Work order – What you return must match, exactly, the lines running from the one containing "1、打开烹饪发烧友2026游" to the end of the data, both included, and must contain no pictures.

---------- Material provided

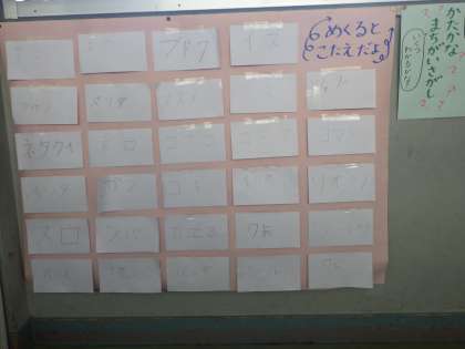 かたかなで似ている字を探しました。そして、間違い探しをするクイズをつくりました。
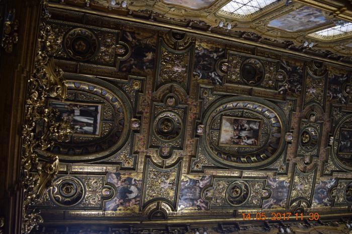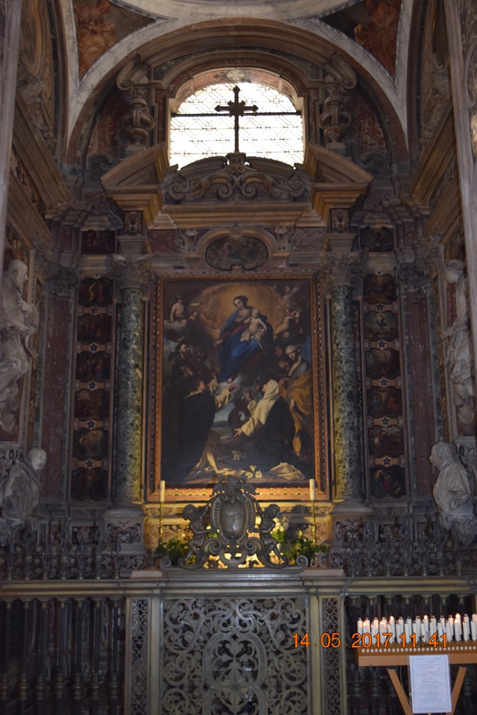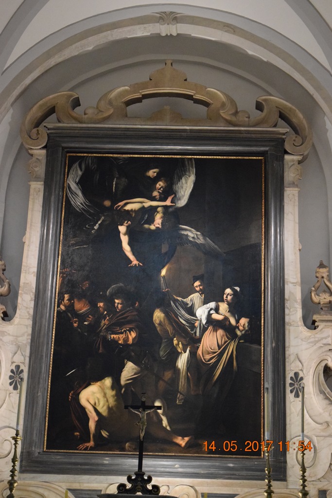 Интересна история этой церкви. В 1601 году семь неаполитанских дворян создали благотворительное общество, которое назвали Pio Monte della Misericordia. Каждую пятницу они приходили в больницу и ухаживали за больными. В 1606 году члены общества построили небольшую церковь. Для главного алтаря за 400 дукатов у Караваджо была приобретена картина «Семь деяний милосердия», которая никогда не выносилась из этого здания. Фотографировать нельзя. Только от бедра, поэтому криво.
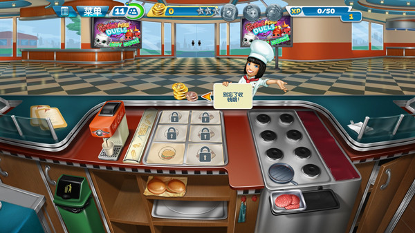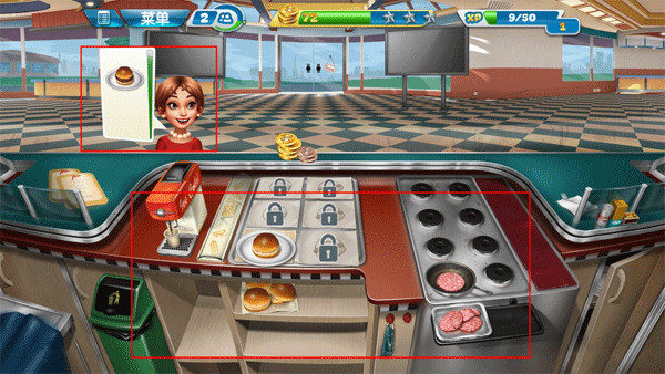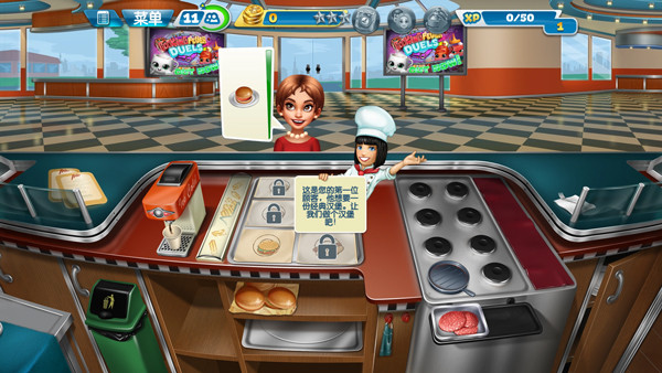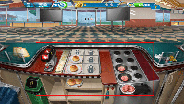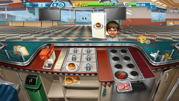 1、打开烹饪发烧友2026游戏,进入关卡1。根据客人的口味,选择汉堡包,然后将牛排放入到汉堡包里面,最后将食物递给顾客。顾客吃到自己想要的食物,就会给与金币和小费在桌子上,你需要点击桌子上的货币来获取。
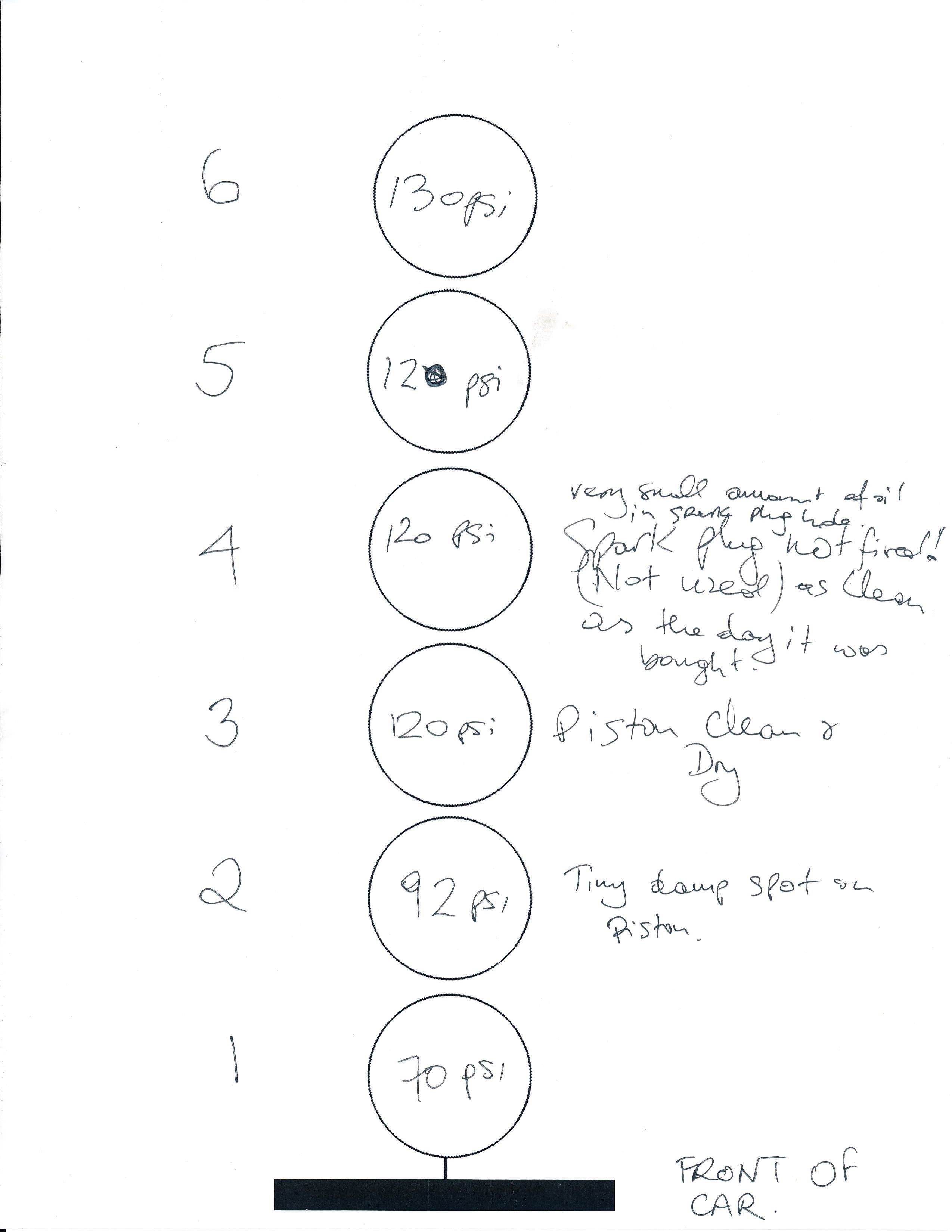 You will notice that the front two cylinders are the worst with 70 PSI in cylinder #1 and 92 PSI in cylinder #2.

--------------------

Output of the task –
 1、打开烹饪发烧友2026游戏,进入关卡1。根据客人的口味,选择汉堡包,然后将牛排放入到汉堡包里面,最后将食物递给顾客。顾客吃到自己想要的食物,就会给与金币和小费在桌子上,你需要点击桌子上的货币来获取。
 You will notice that the front two cylinders are the worst with 70 PSI in cylinder #1 and 92 PSI in cylinder #2.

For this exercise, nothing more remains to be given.